Since both the appearance and implications of this (mis)behaviour aren't fully unterstood yet, let's collect some data points here.
* It all started with a request by Michael on 2019-06-06:
The lalinference MCMC code is currently affected by checkpointing problems that could stem from changes in the HDF5 library. This is a problem on CIT and other LDG clusters, AFAIK, and I’m not sure whether it affects vulcan / hypatia, but to avoid having LIGO analyses crash under us and resorting to rescue procedures that may not always work reliably, can I ask what the preemption policy is? If the MCMC runs were not preempted then we can avoid the issue altogether (modulo cluster maintenance or hardware issue) while a better solution is being found. Obviously this needs to be better understood and fixed.
* First occurrence (?) of the issue reported by Carl Haster, as communicated by Michael:
“I'm having problems with lalinference_mcmc runs that are done on CIT with recent builds of LALSuite/master (from April 3).
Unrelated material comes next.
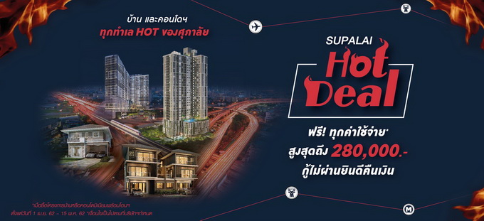 โปรโมชั่น : "SUPALAI HOT DEAL" บ้านและคอนโดทุกทำเล HOT ของศุภาลัย ตั้งแต่วันที่ 1 เมษายน 62 - 15 พฤษภาคม 2562 ฟรี! ทุกค่าใช้จ่าย* สูงสุดถึง 280,000 บาท กู้ไม่ผ่านยินดีคืนเงิน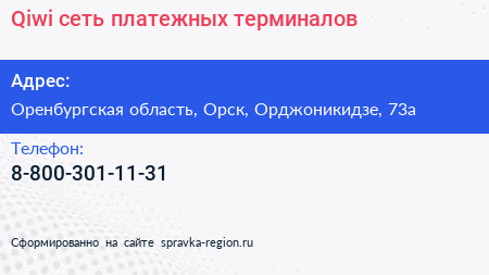 Qiwi, сеть платежных терминалов по адресу Оренбургская область, Орск, Орджоникидзе, 73а в дальнейшем Организация, размещена в следующих категориях:

All the samples to the higherT chains are written as they should, but the 0-tempareture samples (ie the ones written to the group that is called posterior_samples) are not written to file…”
- Ian suggests to set
export HDF5_USE_FILE_LOCKING=FALSE
and claims:
We had similar HDF issues on CIT, which are completely solved by setting this and from some discussion with John and Vivien about this it was felt that this might avoid the problem …. That said, we have never observed similar problems on vulcan/hypatia, but John believes there is no downside to using this setting (given what the codes are doing).
- Abhirup has seen the issue though:
I have encountered this problem on Hypatia, and have been tried to debug this but without success until now.
- Roberto hasn't found this issue on Vulcan.
- Michael:
This discussion on stackoverflow seems to be relevant: https://stackoverflow.com/questions/47696840/error-opening-a-file-with-h5fopen-f-in-fortran-mpi-hdf5-1-10-1. Here is another link http://hdf-forum.184993.n3.nabble.com/HDF5-files-on-NFS-td4029577.html. For deeper understanding one would need to read the HDF5 source code.
- Steffen checked the versions:
- Vulcan (Jessie):
ii hdf5-helpers 1.8.13+docs-15+deb8u1 amd64 Hierarchical Data Format 5 (HDF5) - Helper tools ii lalsuite-extra-hdf5-links 1.3.0-5.1+deb8u0 all LIGO Algorithm Library Extra Data - hdf5 links ii libhdf5-8:amd64 1.8.13+docs-15+deb8u1 amd64 Hierarchical Data Format 5 (HDF5) - runtime files - serial version ii libhdf5-cpp-8:amd64 1.8.13+docs-15+deb8u1 amd64 Hierarchical Data Format 5 (HDF5) - C++ libraries ii libhdf5-dev 1.8.13+docs-15+deb8u1 amd64 Hierarchical Data Format 5 (HDF5) - development files - serial version ii python-h5py 2.5.0-3 amd64 general-purpose Python interface to hdf5 (Python 2) ii python3-h5py 2.5.0-3 amd64 general-purpose Python interface to hdf5 (Python 3)
-
- Hypatia (Stretch, installed on Mar 27, no upgrades to libhdf5-100 since):
ii hdf5-helpers 1.10.0-patch1+docs-3+deb9u1 amd64 Hierarchical Data Format 5 (HDF5) - Helper tools ii hdf5-tools 1.10.0-patch1+docs-3+deb9u1 amd64 Hierarchical Data Format 5 (HDF5) - Runtime tools ii libhdf5-100:amd64 1.10.0-patch1+docs-3+deb9u1 amd64 Hierarchical Data Format 5 (HDF5) - runtime files - serial version ii libhdf5-cpp-100:amd64 1.10.0-patch1+docs-3+deb9u1 amd64 Hierarchical Data Format 5 (HDF5) - C++ libraries ii libhdf5-dev 1.10.0-patch1+docs-3+deb9u1 amd64 Hierarchical Data Format 5 (HDF5) - development files - serial version ii python-h5py 2.7.0-1 amd64 general-purpose Python interface to hdf5 (Python 2) ii python3-h5py 2.7.0-1 amd64 general-purpose Python interface to hdf5 (Python 3)
- The Debian bug page doesn't seem to contain anything matching: https://bugs.debian.org/cgi-bin/pkgreport.cgi?archive=both;src=hdf5
- Is this in any way related to the type of filesystem, client-side and server-side?
- on the compute node, /home mounted via NFS, /work mounted via BeeGFS
- on the server side, underlying filesystem (before June 4, /home was an XFS, is now ZFS; /work is EXT4 for meta, ZFS for storage)